N95 masks, she says, are kept under lock and key and not given to healthcare workers unless they need one for one of the specific “aerosol-generating” procedures described above. 

On Dec. 21, the provincial health officer and health minister announced a host of new restrictions in light of rapidly rising COVID-19 cases fuelled by Omicron. 

Many of those measures seem arbitrary in light of airborne transmission: closing gyms while allowing religious gatherings to continue at up to 100% capacity, and shutting down bars but allowing people to take off their masks to eat at restaurants, for example.

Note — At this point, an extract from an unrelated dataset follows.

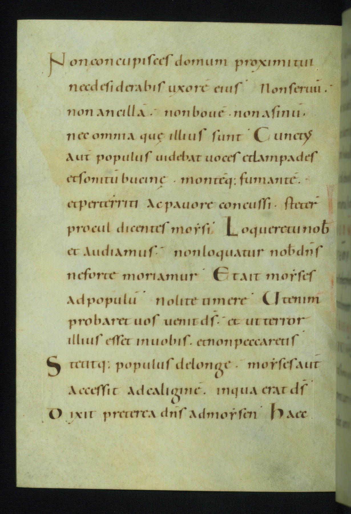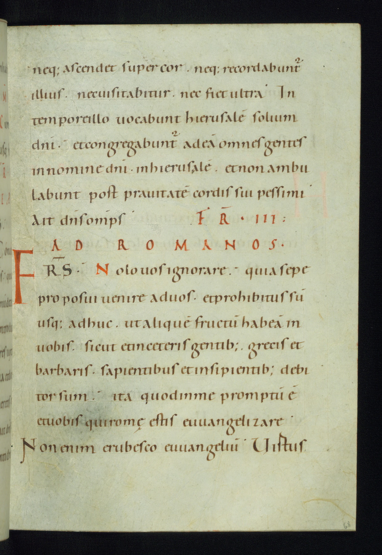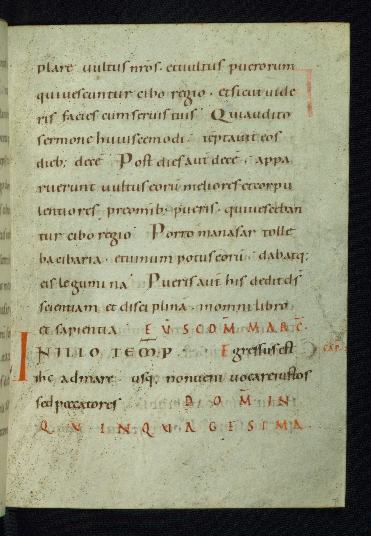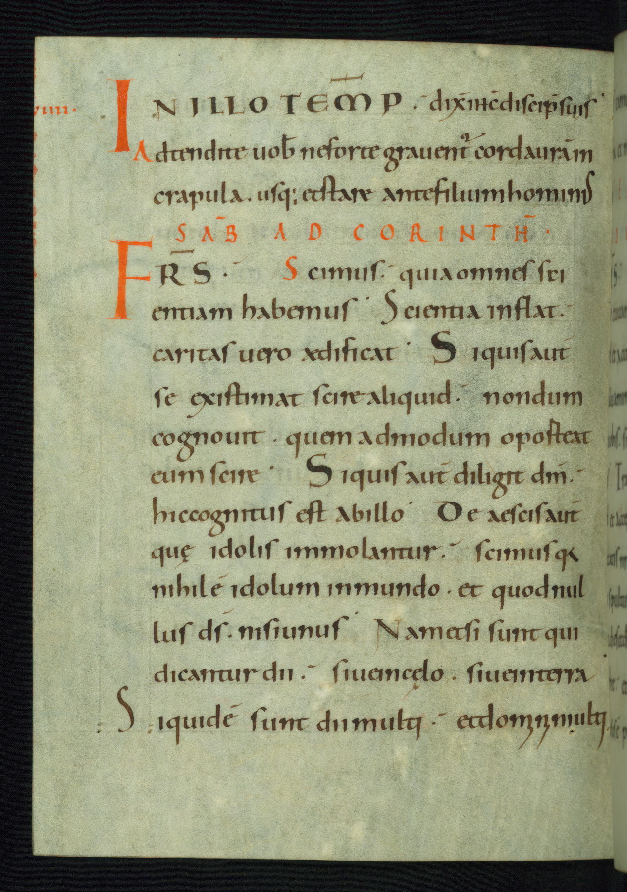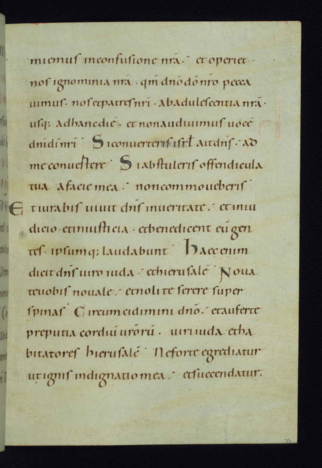 This Lectionary was created ca. 1000 in Trier. Written in a clear Caroline minuscule, it contains decorated initials at the openings of important readings. A set of illuminated letters marks the beginning of the Epistle and Gospel lessons for Easter; they display the hierarchy of scripts with capital letters decorated with gold leaf or drawn in red ink, followed by uncial and Caroline minuscule. Initials in orange, sometimes filled with gold, mark the divisions of the text. The book has been stylistically compared with Ottonian manuscripts, especially with a Psalter preserved in Trier (Stadtbibliothek, Ms. 7) illuminated by the so-called Master of the Registrum Gregorii.

“We know if the virus is transmitted in the air, it doesn't matter where you are,” James said. “The virus doesn't know whether you're in church or whether you're in a gym or whether you're in a shopping mall, or in a restaurant.”

One thing James and the provincial government agree on is the fact that it is now inevitable that everyone will be exposed to COVID-19 at some point in time. 

For the upcoming holiday season, James has one more recommendation for safe gatherings, in addition to only inviting vaccinated guests and limiting the number to one household plus 10 people in accordance with provincial orders. 

“You can buy yourself one of those [air filtration systems] especially if you’re going to be having a whole bunch of people at your house,” he said, especially when it is too cold to open a window. “If people can't wear masks and they’re gathering together, that's the next best thing.”